For protorosaurs or proterosuchids no dermal scales have been reported.  Dorsal armor developed as large plates in the likely piscivore Doswellia, and to a less degree in Champsosaurus, Diandongosuchus, and then again to a greater degree in parasuchids, proterochampsids and chanaresuchids.

For euarchosauriformes a line of dorsal scutes also appeared on the dorsal midline of Euparkeria and many descendant taxa (except finbacks and poposaurs). The herbivorous Aeotosaurs,  Revueltosaurus and Simosuchus independently expanded their armor in similar ways. So did the carnivorous extant alligators and crocodiles and their ancestors. However basal bipedal and near-bipedal croc taxa, like Gracilisuchus do not preserve scales, other than their dorsal scutes. These may have enhanced the strength of the backbone. Otherwise, basal bipedal crocs were likely not heavily scaled, and neither were the oceanic swimmers, like Metriorhynchus.

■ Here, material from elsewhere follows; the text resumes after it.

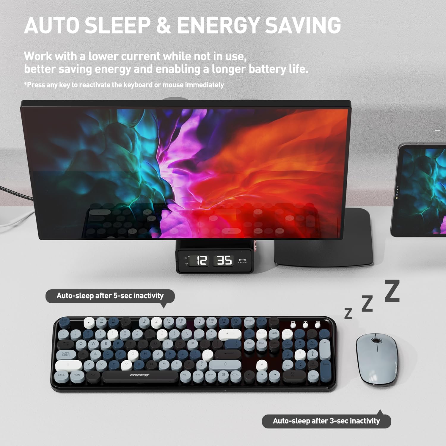 - 【Full-Size keyboard with Detachable Round Keycaps】The typewriter keyboard wireless has blue retro round keys and the silent click of the quiet mice will allow you to do your job without disturbing others. The mini mouse is with modern ergonomic design, Fixed DPI :1200. All circle buttons can be disassembled, put in water to clean.

That brings us to dinosaurs.
Kaplan (2013) reports “the overwhelming majority had scales or armor.” We’ll cover dinosaur scales and dinosaur feathers in more detail in part 3: feathers.

References
Kaplan M 2013. Feathers were the exemption rather than the rule for dinosaurs. Nature News. doi:10.1038/nature.2013.14379
Renesto S and Avanzini M 2002. Skin remains in a juvenile Macrocnemus bassanii Nopsca (Reptilia, Prolacertiformes) from the Middle Triassic of Northern Italy. Jahrbuch Geologie und Paläontologie, Abhandlung 224(1):31-48.
Carroll RL and Baird D 1972. Carboniferous Stem-Reptiles of the Family Romeriidae. Bulletin of the Museum of Comparative Zoology 143(5):321-363. online pdf
Bennett AF and Ruben JA 1986. The metabolic thermoregulatory status of therapsids. In The Ecology and Biology of Mammal-like reptiles (Hottom, Roth and Roth eds) 207-218. Smithsonian Institution Press, Washington DC
Chudinov PK 1970. Skin covering of therapsids [in Russian] In: Data on the evolution of terrestrial vertebrates (Flerov ed.) pp.45-50 Moscow: Nauka.

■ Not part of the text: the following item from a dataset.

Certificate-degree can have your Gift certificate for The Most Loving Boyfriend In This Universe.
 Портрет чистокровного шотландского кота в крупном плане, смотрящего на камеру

Dhouailly D 2009. A new scenario for the evolutionary origin of hair, feather, and avian scales. Journal of Anatomy 214:587-606.
Lecuona A and Desojo, JB 2011. Hind limb osteology of Gracilisuchus stipanicicorum(Archosauria: Pseudosuchia). Earth and Environmental Science Transactions of the Royal Society of Edinburgh 102 (2): 105–128.

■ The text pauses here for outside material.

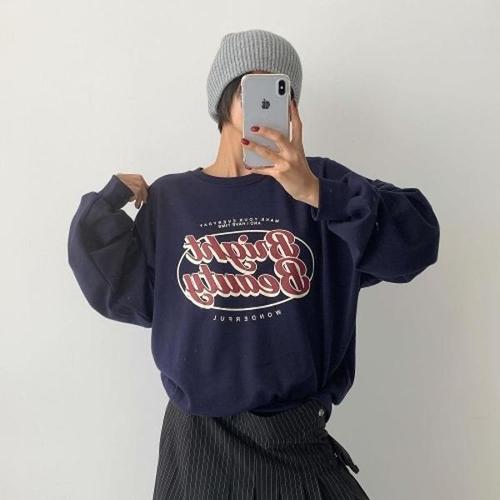 [신상오픈런]여성 오버사이즈 배색 프린트 가을 긴팔 티셔츠 코튼 맨투맨

Persons WC4 and Currie PF 2015. Bristles before down: A new perspective on the functional origin of feathers.Evolution (advance online publication)
DOI: 10.1111/evo.12634
http://onlinelibrary.wiley.com/doi/10.1111/evo.12634/abstract

* too bad I did not know this when I painted Estemmenosuchus with scales for the cover of a book.